** TASK DETAILS **
Print the records exactly. Every mark must remain.

** MATERIAL SHOWN **
--

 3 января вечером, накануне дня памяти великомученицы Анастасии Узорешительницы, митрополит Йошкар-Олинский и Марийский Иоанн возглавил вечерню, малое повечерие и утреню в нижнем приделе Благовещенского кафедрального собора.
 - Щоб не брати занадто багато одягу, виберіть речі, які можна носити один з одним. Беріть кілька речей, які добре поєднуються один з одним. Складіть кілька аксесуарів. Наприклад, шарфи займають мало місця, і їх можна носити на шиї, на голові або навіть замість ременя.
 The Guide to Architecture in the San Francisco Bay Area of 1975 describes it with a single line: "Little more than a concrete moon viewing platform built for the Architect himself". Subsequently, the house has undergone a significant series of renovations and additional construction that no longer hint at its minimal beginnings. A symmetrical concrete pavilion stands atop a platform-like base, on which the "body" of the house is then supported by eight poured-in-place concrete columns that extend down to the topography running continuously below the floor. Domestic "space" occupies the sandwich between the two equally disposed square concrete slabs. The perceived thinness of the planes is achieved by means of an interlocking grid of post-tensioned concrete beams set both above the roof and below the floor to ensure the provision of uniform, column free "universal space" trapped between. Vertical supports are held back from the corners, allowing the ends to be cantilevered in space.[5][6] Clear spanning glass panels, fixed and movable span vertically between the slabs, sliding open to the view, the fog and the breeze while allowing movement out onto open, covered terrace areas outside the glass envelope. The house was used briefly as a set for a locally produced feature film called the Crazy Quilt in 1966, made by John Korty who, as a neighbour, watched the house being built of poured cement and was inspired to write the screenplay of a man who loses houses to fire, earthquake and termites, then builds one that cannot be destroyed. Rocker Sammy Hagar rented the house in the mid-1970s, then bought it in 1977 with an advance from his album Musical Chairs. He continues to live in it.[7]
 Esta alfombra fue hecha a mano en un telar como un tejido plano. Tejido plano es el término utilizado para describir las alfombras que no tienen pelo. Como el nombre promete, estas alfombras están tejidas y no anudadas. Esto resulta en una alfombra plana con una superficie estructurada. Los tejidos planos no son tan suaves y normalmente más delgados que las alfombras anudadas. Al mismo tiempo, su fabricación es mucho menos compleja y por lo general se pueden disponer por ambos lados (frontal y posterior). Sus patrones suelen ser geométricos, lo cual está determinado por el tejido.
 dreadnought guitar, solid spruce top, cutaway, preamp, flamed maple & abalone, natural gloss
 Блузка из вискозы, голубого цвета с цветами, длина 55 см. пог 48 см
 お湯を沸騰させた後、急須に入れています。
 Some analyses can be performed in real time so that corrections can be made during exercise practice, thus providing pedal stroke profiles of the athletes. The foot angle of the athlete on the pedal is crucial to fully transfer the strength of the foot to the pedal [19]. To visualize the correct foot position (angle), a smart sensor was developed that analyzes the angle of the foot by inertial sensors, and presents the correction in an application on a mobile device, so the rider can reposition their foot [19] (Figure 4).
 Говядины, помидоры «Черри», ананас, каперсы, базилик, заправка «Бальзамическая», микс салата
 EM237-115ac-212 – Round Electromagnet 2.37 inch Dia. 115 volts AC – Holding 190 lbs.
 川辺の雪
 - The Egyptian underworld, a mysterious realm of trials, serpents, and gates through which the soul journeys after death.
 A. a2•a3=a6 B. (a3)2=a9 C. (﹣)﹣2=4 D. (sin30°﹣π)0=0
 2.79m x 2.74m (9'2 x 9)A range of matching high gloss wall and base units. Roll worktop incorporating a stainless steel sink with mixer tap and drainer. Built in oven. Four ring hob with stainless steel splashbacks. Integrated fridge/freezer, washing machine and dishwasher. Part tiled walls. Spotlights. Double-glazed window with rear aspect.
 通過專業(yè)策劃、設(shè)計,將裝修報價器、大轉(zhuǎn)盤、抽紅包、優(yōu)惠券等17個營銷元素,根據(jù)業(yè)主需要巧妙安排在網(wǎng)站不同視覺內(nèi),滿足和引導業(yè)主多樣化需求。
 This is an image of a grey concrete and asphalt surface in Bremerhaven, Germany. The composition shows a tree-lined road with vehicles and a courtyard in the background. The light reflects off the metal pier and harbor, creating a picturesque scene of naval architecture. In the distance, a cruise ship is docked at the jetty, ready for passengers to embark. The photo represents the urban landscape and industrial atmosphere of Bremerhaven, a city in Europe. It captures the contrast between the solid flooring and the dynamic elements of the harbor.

--

** ANSWER TO THIS EXERCISE **
 3 января вечером, накануне дня памяти великомученицы Анастасии Узорешительницы, митрополит Йошкар-Олинский и Марийский Иоанн возглавил вечерню, малое повечерие и утреню в нижнем приделе Благовещенского кафедрального собора.
 - Щоб не брати занадто багато одягу, виберіть речі, які можна носити один з одним. Беріть кілька речей, які добре поєднуються один з одним. Складіть кілька аксесуарів. Наприклад, шарфи займають мало місця, і їх можна носити на шиї, на голові або навіть замість ременя.
 The Guide to Architecture in the San Francisco Bay Area of 1975 describes it with a single line: "Little more than a concrete moon viewing platform built for the Architect himself". Subsequently, the house has undergone a significant series of renovations and additional construction that no longer hint at its minimal beginnings. A symmetrical concrete pavilion stands atop a platform-like base, on which the "body" of the house is then supported by eight poured-in-place concrete columns that extend down to the topography running continuously below the floor. Domestic "space" occupies the sandwich between the two equally disposed square concrete slabs. The perceived thinness of the planes is achieved by means of an interlocking grid of post-tensioned concrete beams set both above the roof and below the floor to ensure the provision of uniform, column free "universal space" trapped between. Vertical supports are held back from the corners, allowing the ends to be cantilevered in space.[5][6] Clear spanning glass panels, fixed and movable span vertically between the slabs, sliding open to the view, the fog and the breeze while allowing movement out onto open, covered terrace areas outside the glass envelope. The house was used briefly as a set for a locally produced feature film called the Crazy Quilt in 1966, made by John Korty who, as a neighbour, watched the house being built of poured cement and was inspired to write the screenplay of a man who loses houses to fire, earthquake and termites, then builds one that cannot be destroyed. Rocker Sammy Hagar rented the house in the mid-1970s, then bought it in 1977 with an advance from his album Musical Chairs. He continues to live in it.[7]
 Esta alfombra fue hecha a mano en un telar como un tejido plano. Tejido plano es el término utilizado para describir las alfombras que no tienen pelo. Como el nombre promete, estas alfombras están tejidas y no anudadas. Esto resulta en una alfombra plana con una superficie estructurada. Los tejidos planos no son tan suaves y normalmente más delgados que las alfombras anudadas. Al mismo tiempo, su fabricación es mucho menos compleja y por lo general se pueden disponer por ambos lados (frontal y posterior). Sus patrones suelen ser geométricos, lo cual está determinado por el tejido.
 dreadnought guitar, solid spruce top, cutaway, preamp, flamed maple & abalone, natural gloss
 Блузка из вискозы, голубого цвета с цветами, длина 55 см. пог 48 см
 お湯を沸騰させた後、急須に入れています。
 Some analyses can be performed in real time so that corrections can be made during exercise practice, thus providing pedal stroke profiles of the athletes. The foot angle of the athlete on the pedal is crucial to fully transfer the strength of the foot to the pedal [19]. To visualize the correct foot position (angle), a smart sensor was developed that analyzes the angle of the foot by inertial sensors, and presents the correction in an application on a mobile device, so the rider can reposition their foot [19] (Figure 4).
 Говядины, помидоры «Черри», ананас, каперсы, базилик, заправка «Бальзамическая», микс салата
 EM237-115ac-212 – Round Electromagnet 2.37 inch Dia. 115 volts AC – Holding 190 lbs.
 川辺の雪
 - The Egyptian underworld, a mysterious realm of trials, serpents, and gates through which the soul journeys after death.
 A. a2•a3=a6 B. (a3)2=a9 C. (﹣)﹣2=4 D. (sin30°﹣π)0=0
 2.79m x 2.74m (9'2 x 9)A range of matching high gloss wall and base units. Roll worktop incorporating a stainless steel sink with mixer tap and drainer. Built in oven. Four ring hob with stainless steel splashbacks. Integrated fridge/freezer, washing machine and dishwasher. Part tiled walls. Spotlights. Double-glazed window with rear aspect.
 通過專業(yè)策劃、設(shè)計,將裝修報價器、大轉(zhuǎn)盤、抽紅包、優(yōu)惠券等17個營銷元素,根據(jù)業(yè)主需要巧妙安排在網(wǎng)站不同視覺內(nèi),滿足和引導業(yè)主多樣化需求。
 This is an image of a grey concrete and asphalt surface in Bremerhaven, Germany. The composition shows a tree-lined road with vehicles and a courtyard in the background. The light reflects off the metal pier and harbor, creating a picturesque scene of naval architecture. In the distance, a cruise ship is docked at the jetty, ready for passengers to embark. The photo represents the urban landscape and industrial atmosphere of Bremerhaven, a city in Europe. It captures the contrast between the solid flooring and the dynamic elements of the harbor.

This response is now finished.